Characterization of the Dedekind and countably Dedekind extensions of the lattice linear space of continuous bounded functions by means of order boundaries

In 1872 R. Dedekind constructed the set of real numbers $\mathbb{R}$ as a certain extension of the set of rational numbers $\mathbb{Q}$ by taking countable order regular cuts. This method was generalized and applied by G. MacNeille to some ordered mathematical systems. In this article the Dedekind – MacNeille method is applied to the mathematical system $C$ generated by the family $C_b(T,\mathcal{G})$ of all continuous bounded functions $f\colon T\to\mathbb{R}$ on the Tikhonov topological space $(T,\mathcal{G})$.
We consider Dedekind extension $C\!\longrightarrow D(C)$, and also countably Dedekind extension $C\!\longrightarrow D^0(C)$ as a closer analogue of the classical extension $\mathbb{Q}\!\longrightarrow\mathbb{R}$. Functional-factor descriptions of these extensions are given through families of functions uniform with respect to ensembles of subsets of the set $T$ having the Stone property and the Stone cozero property.
Characterizations of these extensions are given as some completions of the lattice linear space $C$ endowed with some local structure of ideal refinement.

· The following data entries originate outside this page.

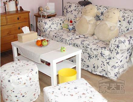 再小的家也不能沒有溫馨的氛圍,何況是婚房呢,絕對不能虧待自己,一看這對新人就是童心未泯,兩個大玩偶著實可愛,白色碎花沙發(fā)套和凳子很田園風(fēng)潮,2009年田園風(fēng)格家居仍然占有一席之地。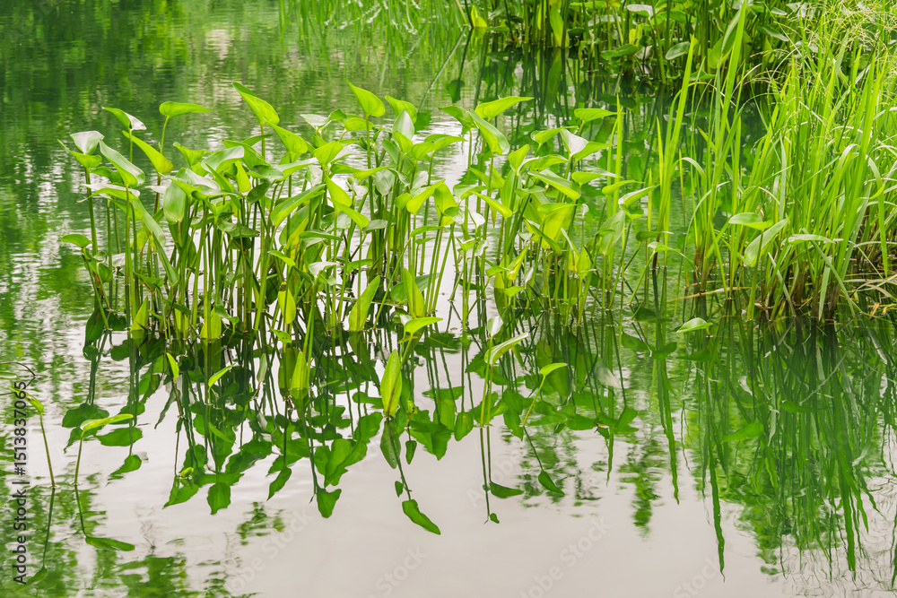Lush aquatic plants grow in and around a still, reflective pond surrounded by dense greenery.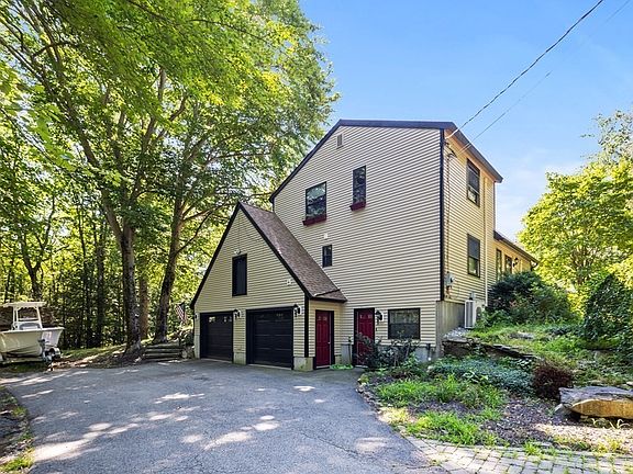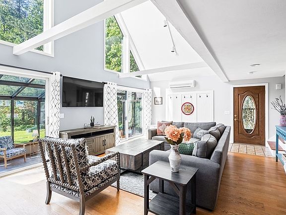 Welcome home to this contemporary style property surrounded by beautiful landscaping, acres of woods, and gorgeous in ground pool. Situated on a private double lot, this home features an open floor plan loaded with windows and natural light. First floor features kitchen with large eating area, dining room and 2 story living room with hardwood floors, gas fireplace, and double sliders to front to back sunroom. Bedroom, bath with walk in shower, and separate laundry with storage room complete the area. Walk up the stairs to the 2 large bedrooms with hardwood floors, full bath with double sinks, and open to below alcove area perfect for desk or sitting area. Walk out lower level features a bedroom, an additional room perfect for home office or recreation room, 2 car garage, and storage space. Showings start Saturday August 27 at 2 pm. Open House Sunday August 28 from 11 to 1.

The functional description and characterization of the countable Dedekind extension $C\!\longrightarrow D^0(C)$ turn out to be surprisingly similar with the functional description and characterization of the Riemannian extension $C\!\longrightarrow R_{\mu}$ generated by the factor-family of all functions on the Tikhonov space $(T,\mathcal{G})$ $\mu$-Riemann integrable with respect to a positive bounded Radon measure $\mu$.